I submit jobs using headless NetLogo to a HPC server by the following code:
#!/bin/bash
#$ -N r20p
#$ -q all.q
#$ -pe mpi 24
/home/abhishekb/netlogo/netlogo-5.1.0/netlogo-headless.sh \
--model /home/abhishekb/models/corrected-rk4-20presults.nlogo \
--experiment test \
--table /home/abhishekb/csvresults/corrected-rk4-20presults.csv
Below is the snapshot of a cluster queue using:
qstat -g c
I wish to know can I increase the CQLOAD for my simulations and what does it signify too. I couldn't find an elucidate explanation online.
CPU USAGE CHECK:
qhost -u abhishekb
When I run the behaviour space on my PC through gui assigning high priority to the task makes it use nearly 99% of the CPU which makes it run faster. It uses a greater percentage of CPU processor. I wish to accomplish the same here.
EDIT:
EDIT 2;
A typical HPC environment, is designed to run only one MPI process (or OpenMP thread) per CPU core, which has therefore access to 100% of CPU time, and this cannot be increased further. In contrast, on a classical desktop/server machine, a number of processes compete for CPU time, and it is indeed possible to increase performance of one of them by setting the appropriate priorities with nice.

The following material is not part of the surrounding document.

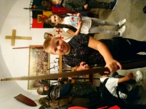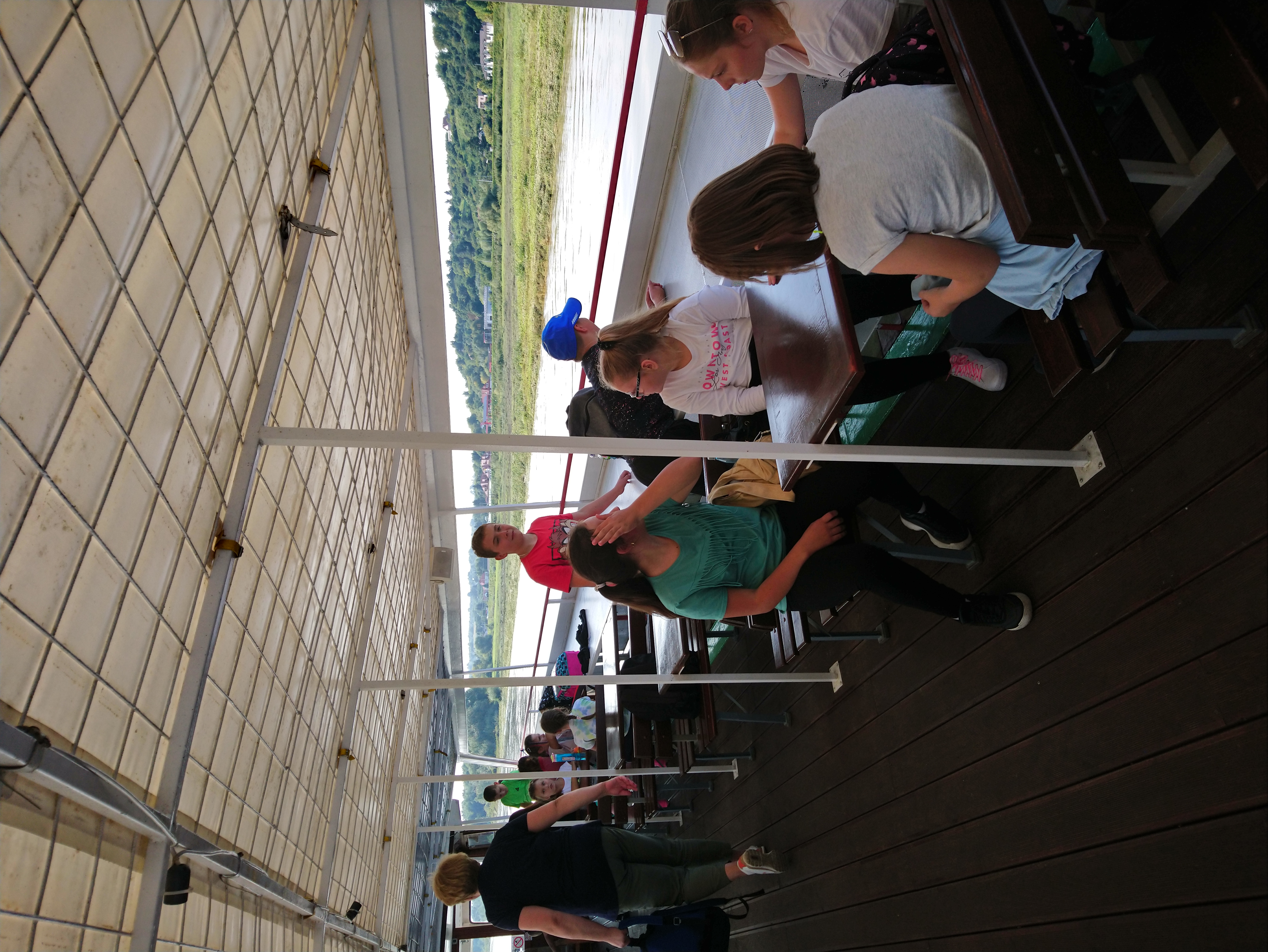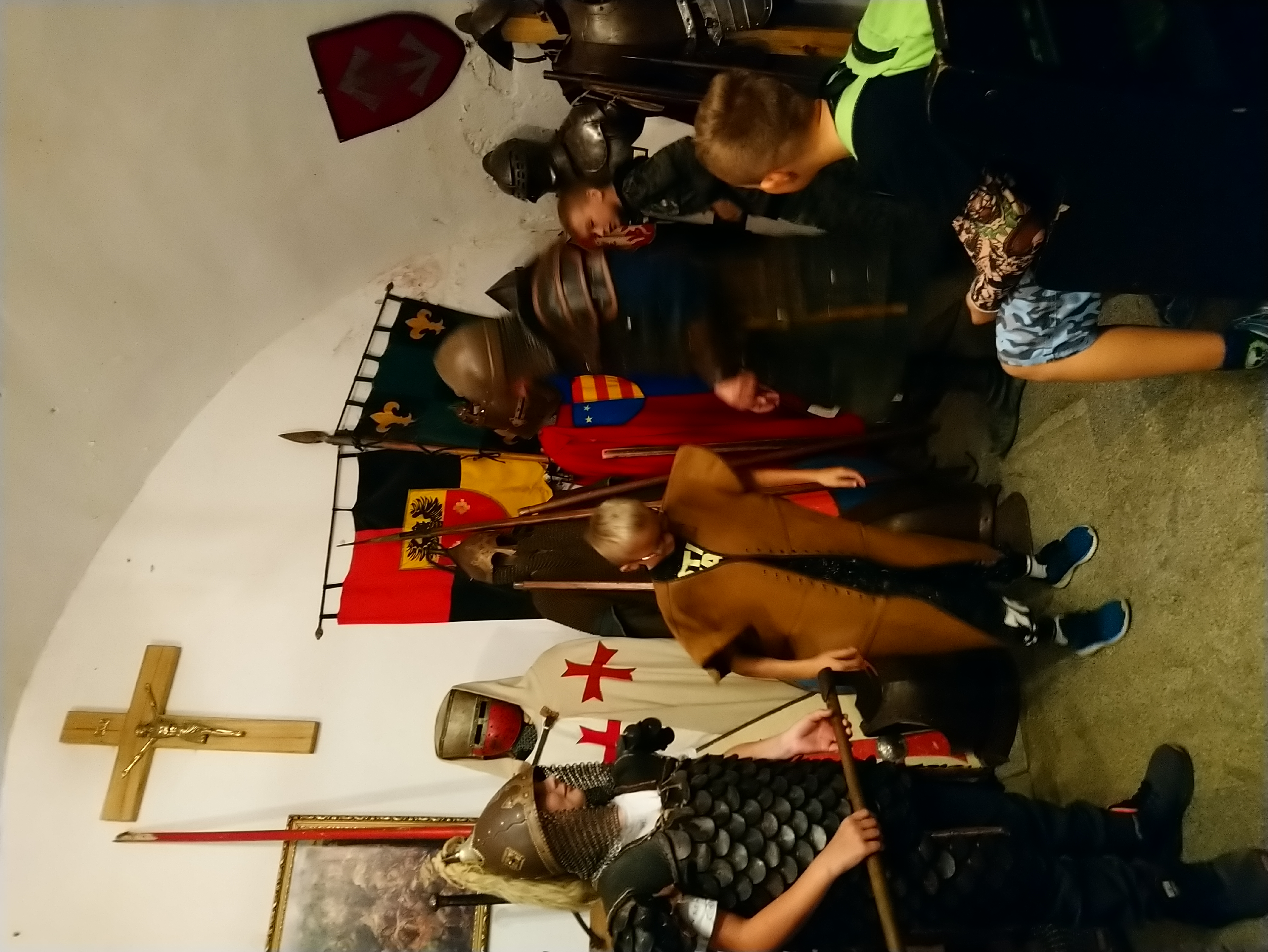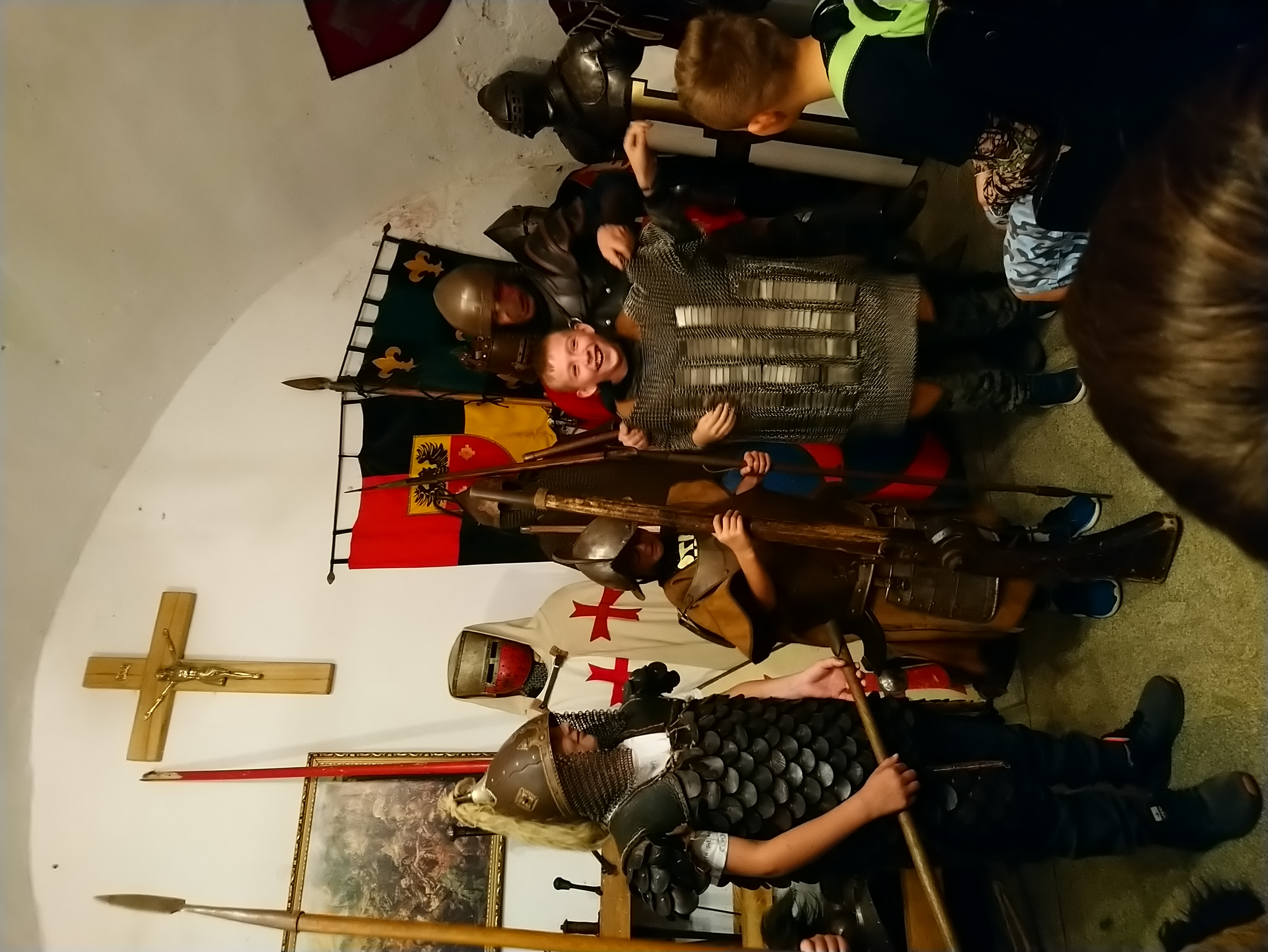 Zwiedzanie rozpoczęliśmy od wspaniałej XIV- wiecznej Bazyliki katedralnej, gdzie mogliśmy podziwiać bogato zdobione wnętrza pełne pięknych malowideł i rzeźb. Następnie udaliśmy się do Zbrojowni, w której średniowieczny rycerz opowiedział nam pasjonującą historię miasta. Przymierzając dawne stroje i elementy uzbrojenia, odbyliśmy prawdziwą wycieczkę w przeszłość. Jednak największym zainteresowaniem cieszyła się sala tortur. Dyby, kajdany, madejowe łoże, czy miecze katowskie to tylko nieliczne eksponaty, które postanowili „bliżej poznać” przede wszystkim chłopcy. Nie mieliśmy czasu na nudę, bo niedługo potem przenieśliśmy się do podziemi. Spacerując mrocznymi korytarzami tworzącymi blisko półkilometrową Podziemną Trasę Turystyczną, wysłuchaliśmy tragicznej historii Haliny Krępianki- bohaterki, która zginęła, ratując Sandomierz przed najazdem Tatarów. Następnie z tarasu widokowego Bramy Opatowskiej podziwialiśmy piękną panoramę miasta, a idąc Wąwozem Królowej Jadwigi dowiedzieliśmy się co nieco o sandomierskiej przyrodzie. Zwieńczeniem wycieczki był rejs po Wiśle, podczas którego nie tylko mogliśmy rozkoszować się wspaniałymi widokami, ale także „łapać” ostatnie promienie letniego słońca. Zmęczeni, ale w doskonałych nastrojach, po krótkim postoju w McDonald’s , wróciliśmy do Mazowszan.

It appears that CQLOAD, is the mean load average for that computing queue. If you are not using all the CPU cores in it, it is not a useful indicator. Besides, even the load average per core for your runs just translates the efficiency of the code on this HPC cluster. For instance, a value of 0.7 per core, would mean that the code spends 70% of time doing calculations, while the remaining 30% are probably spent waiting to communicate with the other computing nodes (which is also necessary).
Bottom line, the only way you can increase the CPU percentage use on an HPC cluster is by optimising your code. Normally though, people are more concerned about the parallel scaling (i.e. how the time to solution decreases with the number of CPU cores) than with the CPU percentage use.
1. CPU percentage load
I agree with #rth answer regards trying to use linux job priority / renice to increase CPU percentage - it's
almost certain not to work
and, (as you've found)
you're unlikely to be able to do it as you won't have super user priveliges on the nodes (It's pretty unlikely you can even log into the worker nodes - probably only the head node)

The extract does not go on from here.